EXERCISE DETAILS: Restate word for word the lines from the one bearing "在五四青年节到来之际,为厚植" through the end of the entries below, and leave every picture out.

[Extracted records]
------------------------
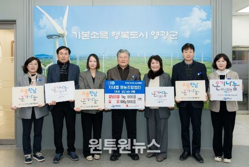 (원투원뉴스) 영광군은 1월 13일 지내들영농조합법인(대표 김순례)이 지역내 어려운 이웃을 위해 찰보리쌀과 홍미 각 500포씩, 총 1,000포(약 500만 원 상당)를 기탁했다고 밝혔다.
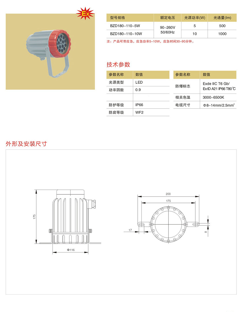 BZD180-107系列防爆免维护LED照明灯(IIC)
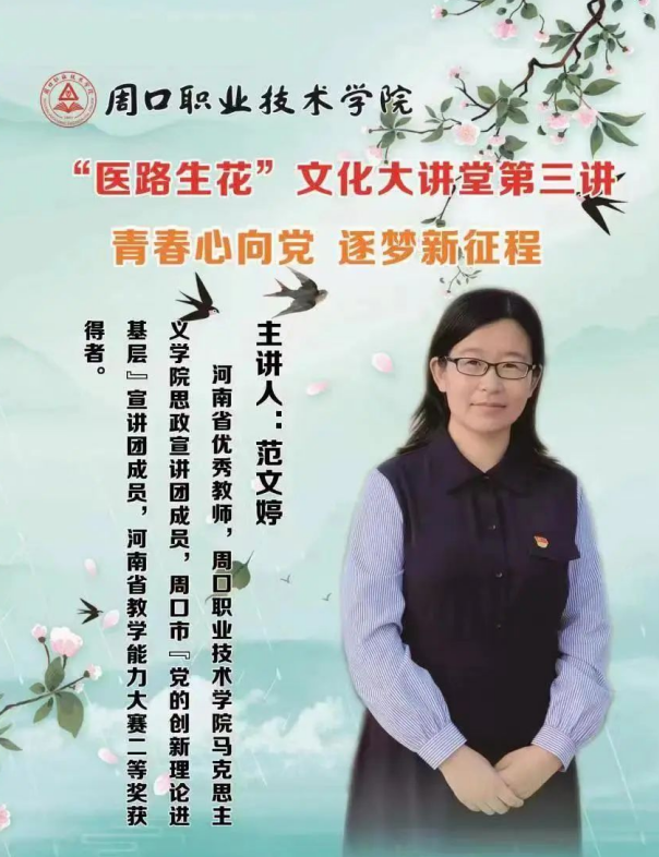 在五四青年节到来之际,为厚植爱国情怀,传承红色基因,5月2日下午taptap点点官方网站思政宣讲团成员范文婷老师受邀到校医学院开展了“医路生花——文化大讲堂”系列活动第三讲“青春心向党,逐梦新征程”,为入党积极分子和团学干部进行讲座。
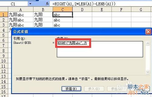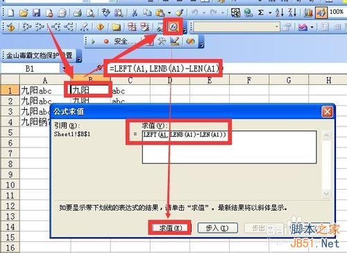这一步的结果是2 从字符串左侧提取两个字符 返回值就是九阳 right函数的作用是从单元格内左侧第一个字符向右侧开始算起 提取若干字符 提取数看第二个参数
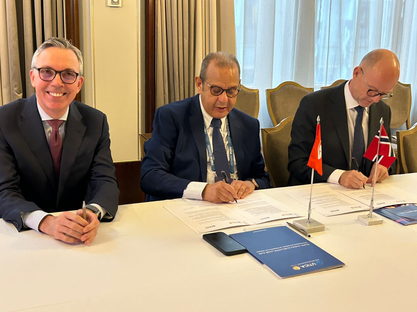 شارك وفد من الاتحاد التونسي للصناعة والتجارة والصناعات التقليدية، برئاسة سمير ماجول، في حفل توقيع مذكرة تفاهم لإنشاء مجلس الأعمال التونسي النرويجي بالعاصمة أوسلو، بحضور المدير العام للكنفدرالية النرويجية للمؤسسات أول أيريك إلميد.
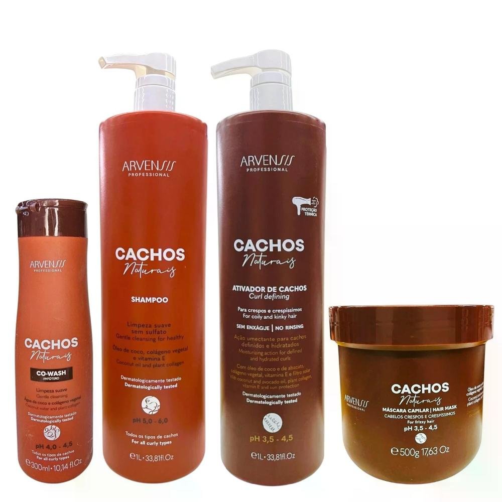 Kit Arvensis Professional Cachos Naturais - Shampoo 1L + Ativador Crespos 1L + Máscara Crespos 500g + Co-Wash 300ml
------------------------
TASK RESPONSE:
 在五四青年节到来之际,为厚植爱国情怀,传承红色基因,5月2日下午taptap点点官方网站思政宣讲团成员范文婷老师受邀到校医学院开展了“医路生花——文化大讲堂”系列活动第三讲“青春心向党,逐梦新征程”,为入党积极分子和团学干部进行讲座。
这一步的结果是2 从字符串左侧提取两个字符 返回值就是九阳 right函数的作用是从单元格内左侧第一个字符向右侧开始算起 提取若干字符 提取数看第二个参数
 شارك وفد من الاتحاد التونسي للصناعة والتجارة والصناعات التقليدية، برئاسة سمير ماجول، في حفل توقيع مذكرة تفاهم لإنشاء مجلس الأعمال التونسي النرويجي بالعاصمة أوسلو، بحضور المدير العام للكنفدرالية النرويجية للمؤسسات أول أيريك إلميد.
 Kit Arvensis Professional Cachos Naturais - Shampoo 1L + Ativador Crespos 1L + Máscara Crespos 500g + Co-Wash 300ml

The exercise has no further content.